Based on previous material from Matt Pugh & Artemiy Margaritov

Introduction to MapReduce

MapReduce is a distributed data processing model proposed by Google for processing large amounts of data on computer clusters. MapReduce is well illustrated by the following picture (the image is taken from here):

MapReduce model

MapReduce data processing model assumes that the data is stored on several machines in a distributed manner and organized in the form of some records. Data processing takes place in 3 stages:

Map Stage. At this stage, the data is preprocessed using a map function which is defined by a user. The goal of the map stage is to preprocess and filter the data. The map function is applied to each input record one by one. As a result, the map function produces a set of key-value pairs for each input record. A set means that the map function can (1) not produce anything, or (2) can issue only one key-value pair, or (3) can give out several key-value pairs. A user defines what will be the keys and values produced by the map function. Key-value pairs with the same key will be processed by one instance of the reduce function later.
Shuffle stage. At this stage, all key-value pairs produced during the map stage are sorted by key and distributed across the machines in the cluster.
Reduce stage. The reduce function computes the final result for each group of key-value pairs with the same key. MapReduce model guarantees that key-value pairs with the same key are processed by the same reduce function. The set of all values returned by the reduce function is the final result of the MapReduce job. The reduce function is also set by user.

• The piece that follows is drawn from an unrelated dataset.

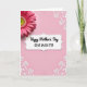 This card features a soft, muted pink background that sets a gentle, affectionate mood ❤️. In the center, a white rounded frame with a dashed outline holds the main greeting, with “Happy Mother’s Day” in flowing cursive-style lettering above “DEAR DAUGHTER” in a neat, simple typeface. The text appears in dark gray or near-black, standing out clearly against the pale interior while keeping the look calm and tender. A large flower blooms at the upper left, its rich fuchsia petals opening outward like a warm embrace, adding a romantic touch through its inviting shape. At the flower’s center, golden-yellow texture fades into fresh green, giving the design a lively, garden-like feel 🌼. Fine white lace-like patterns decorate the upper-right and lower-right corners, like delicate trim that frames the message without crowding it. The overall palette balances pink, fuchsia, white, yellow, and green, with the floral accent drawing the eye diagonally toward the framed words. The dashed border around the central frame looks like tiny stitched marks, and the corner filigree curls into small loops and leaf-like shapes.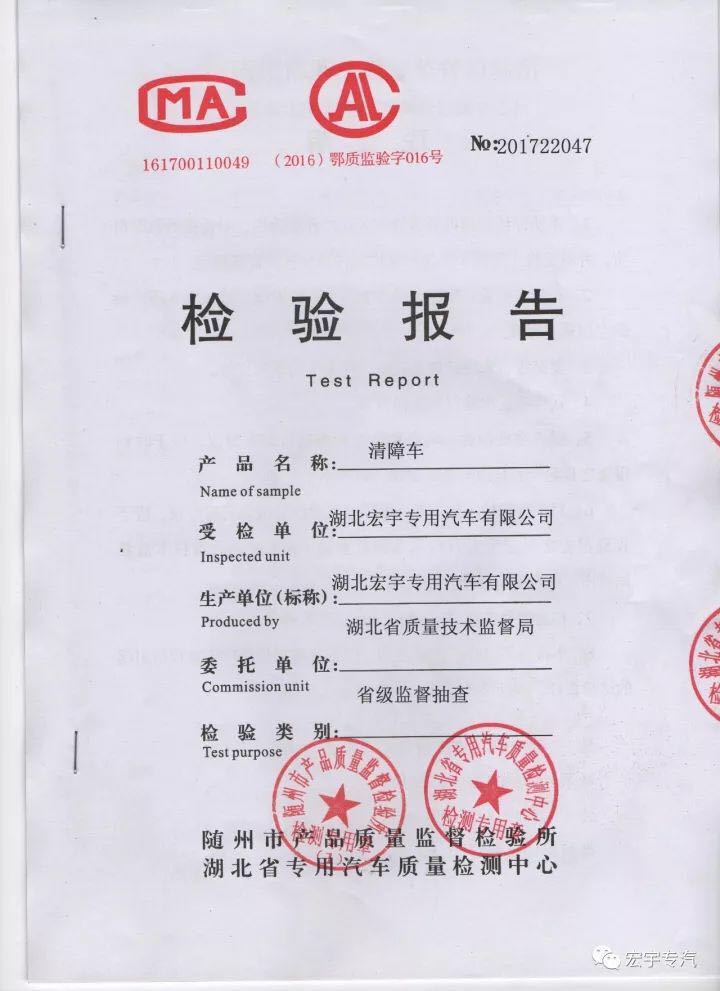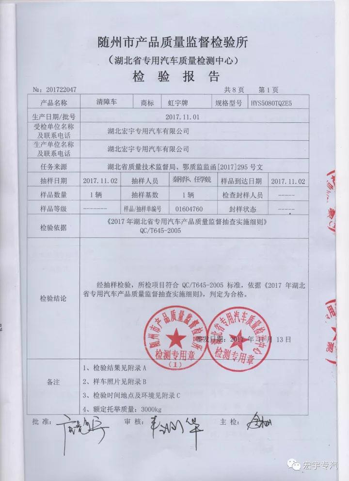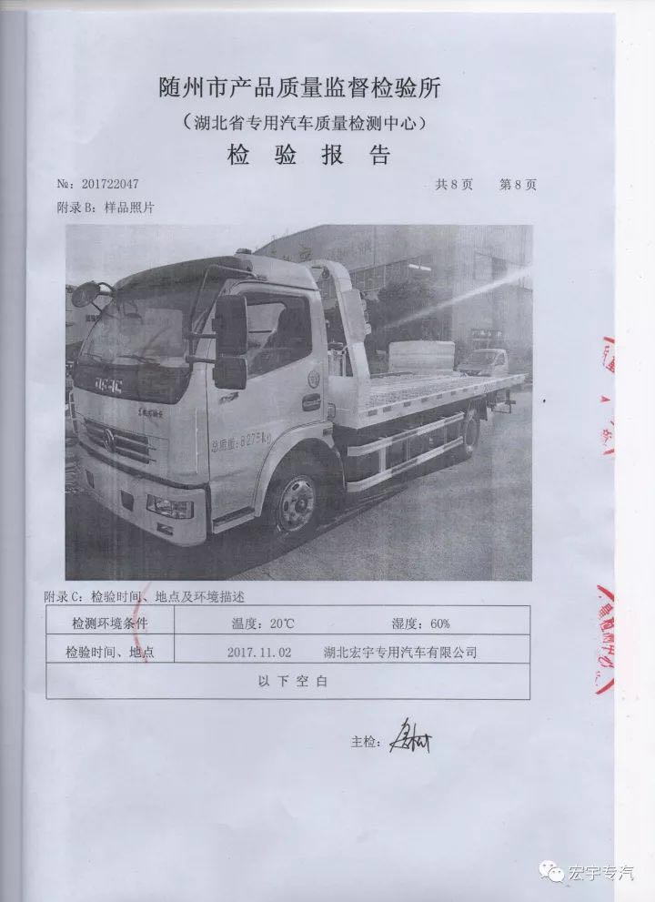 虹宇牌清障车通过湖北省质量技术监督局质量监督抽查

Let’s consider an example task – counting the number of words in the title of movies of our IMDB database using the primaryTitle field (a string) in title.basics.tsv file under /data/supplementary/ in HDFS. This table has the following format:

tconst\ttitleType\tprimaryTitle\toriginalTitle\tisAdult\tstartYear\tendYear\truntimeMinutes\tgenres

Notice that the field delimiter is the '\t' character.

The word counting task is the following: given a set of title entries, find how many times a word is encountered in the primaryTitle of that set. Assuming the set of titles is large, one can assume a title to be an input for one map function. Then, the map and reduce functions will be:

#!/usr/bin/python2.7

def map_function(title):
    fields = title.strip().split('\t')         # Split title to fields
    primaryTitle = fields[2]                   # Select the required field
    for word in primaryTitle.strip().split():  # Split primary title by words
        yield word, 1                          # Use a word as a key

def reduce_function(word, values):
    yield word, sum(values)                    # Calculate how many times each word was encountered

The map function converts an input title into a set of pairs (word, 1). At the shuffle stage, the pairs are sorted based on the word. Finally, the reduce function sums the units at the value position of these pairs, returning the final answer for each word.

Important facts about MapReduce:

All instances of the map function work independently and can work in parallel, including working on different machines of the cluster.
All instances of the reduce function work independently and can work in parallel, including on different machines of the cluster.
Shuffle stage represents a parallel sort, so Shuffle can also work on different cluster machines.
The map function is often used on a machine where the data is stored. This allows reducing data transmission over the network.
MapReduce job is always a full scan of all the data; there are no indexes or partial reads.

MapReduce programs with Hadoop Streaming

Introduction to Streaming Jobs

The simplest way to launch a MapReduce job on Hadoop is to use Hadoop Streaming interface. Hadoop Streaming interface assumes that map and reduce functions are implemented as programs which accept data from stdin and write the result to stdout.

Understanding how stdin and stdout are used in Python is key to using the Hadoop Streaming API, make sure you are comfortable with these concepts before proceeding. You can learn more about standards streams on wikipedia.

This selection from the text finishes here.